On Wed, May 30, 2012 at 9:57 AM, Steven Bellovin <s...@cs.columbia.edu> wrote:
>
> On May 29, 2012, at 7:01 22PM, Maarten Billemont wrote:
>
>> Dear readers,
>>
>> I've written an iOS / Mac application whose goal it is to produce passwords 
>> for any purpose.  I was really hoping for the opportunity to receive some 
>> critical feedback or review of the algorithm used[1].
>>
>> --
>> ABOUT
>>
>> With an increasing trend of web applications requiring users to register 
>> accounts, we find ourselves with countless accounts.  Ideally, each should 
>> have a different password, so that authenticating yourself for one account 
>> doesn't reveal your credentials of other accounts.  That becomes really hard 
>> when you've got tens or hundreds of passwords to remember.
>>
>> Solutions exist, mostly in the form of password "vaults" that list your 
>> passwords and get stored in an encrypted form.  Other solutions send your 
>> passwords off to be stored on some company's cloud service.
>>
>> Master Password is different in that it generates passwords based purely off 
>> of a user's master password and the name of the site.  That means you need 
>> no storage and have a fully offline algorithm that needs nothing more than 
>> what you can remember easily.
>> --
>>
>> I'm rather a notice in the field of security (certainly in comparison to 
>> some of you), and I was hoping that some of you might find the time to have 
>> a look at the algorithm and see if there are any obvious flaws or risks to 
>> the security and integrity of the solution.
>>
>> As a side-note, the iOS application, Master Password, is fully 
>> open-source[2] under the GPLv3.  If any of you speak fluent Objective-C, it 
>> would be awesome if they could have a peek at the source code as well.
>
>
> From a very quick glance, it looks to be about the same as
>
> @inproceedings{web-pw-gen,
>        Author = {J. Alex Halderman and Brent Waters and Edward W. Felten},
>        Booktitle = {Proc. 14th Intl. World Wide Web Conference},
>        Month = {May},
>        Title = {A Convenient Method for Securely Managing Passwords},
>        Url = 
> {http://userweb.cs.utexas.edu/~bwaters/publications/papers/www2005
> .pdf},
>        Year = 2005,
> }
>
> As someone else has noted, a crucial issue is that every site receives a
> function of your master password, the site name, and a counter that
> defaults to zero.  If they launch a password-guessing attack -- and I
> know you've made it expensive, but you can't go too far in that
> direction without making user password retrieval too time-consuming, and
> the attackers have GPUs, botnets, and things like EC2 to parallelize
> their work -- they can retrieve the master password and hence all of
> your others.  You can strengthen you scheme significantly by making the
> counter 8 bytes and starting it with some random value.
>
>
>                --Steve Bellovin, https://www.cs.columbia.edu/~smb
>

Indeed, this has been done many times before, and although that is true,
Mr. Billemont should still be congratulated for his insight and I'm sure
he will make money off the irobot community; even though he is probably
(almost surely) stepping on some patents and prior work of others.

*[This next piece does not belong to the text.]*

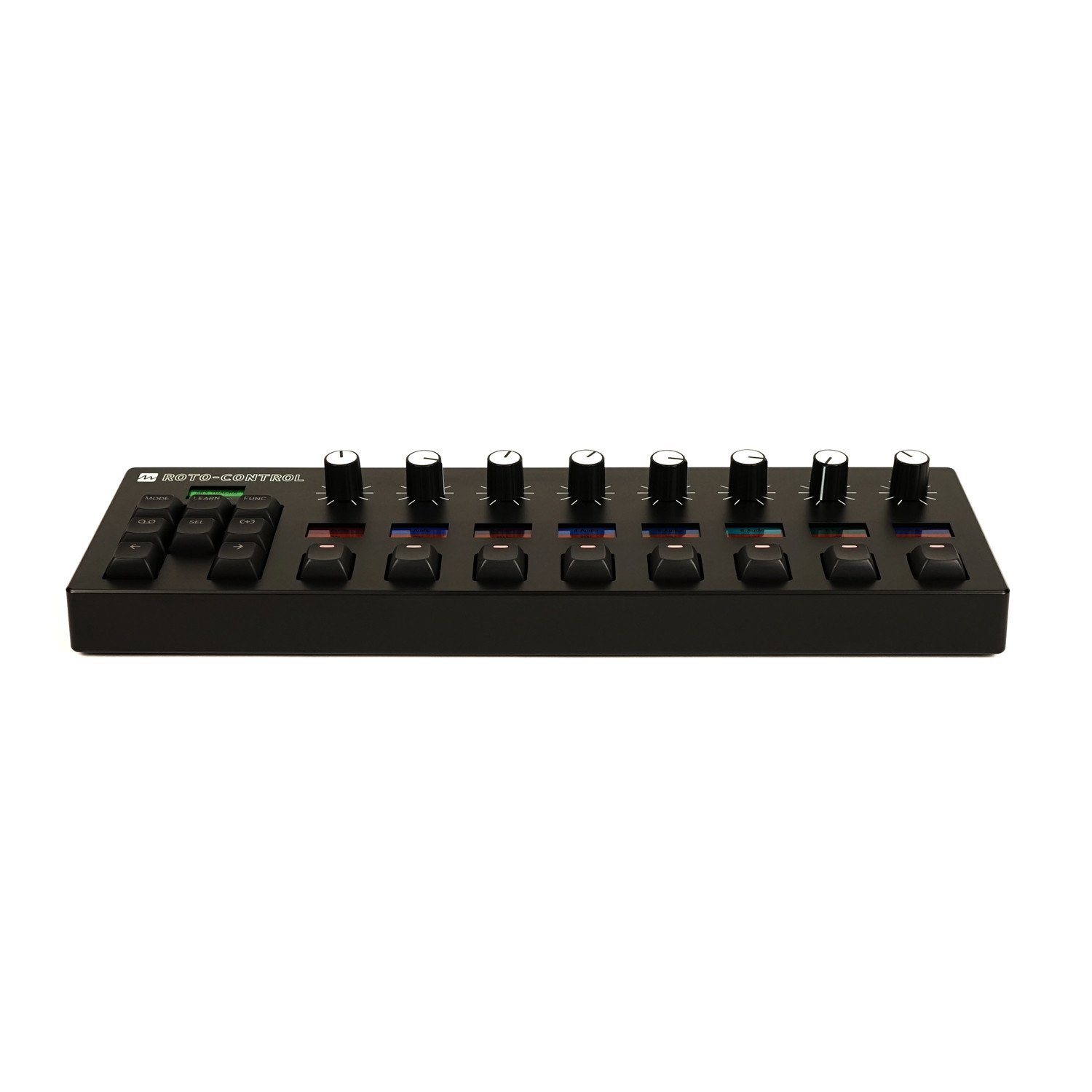 Roto-Control ridefinisce le interazioni tra software e hardware grazie a manopole motorizzate sensibili al tocco completamente assegnabili, feedback tattili definibili dall'utente per un controllo dettagliato, schermi ad alta risoluzione con etichette di facile lettura per ogni controllo e una memoria interna in grado di memorizzare migliaia di assegnazioni. Potente, compatto e portatile, Roto-Control offre tre modalità di funzionamento principali: MIX, PLUGIN e MIDI con Motion Recorder. Le manopole motorizzate di Roto-Control sono una novità assoluta per i controller MIDI. Sono state progettate su misura a partire dal design dei motori per droni. Hanno un design estremamente robusto e altamente affidabile che praticamente non si usura mai. Il rilevamento della posizione è ottenuto utilizzando un sistema ottico senza contatto con risoluzione estremamente alta e rumore ultra-basso.

However Steve's modification does not fully repair this idea, in fact
it reduces the security given by the "master password" in comparison
to the random counter values to basically nothing.

As your new found secrets (the random counters) are stored plaintext
in the device (even if they aren't, so what? maybe we could encrypt
them with more random counters).

This leads to not only the scheme being completely device dependent
(try to ask a user to remember and IP, don't even consider 512 random bits)

And a device compromise being a terrible scenario. Obvious solutions
to this issue that I have considered are obviously flawed.

scrypt is also a terrible choice. Enjoy your free money.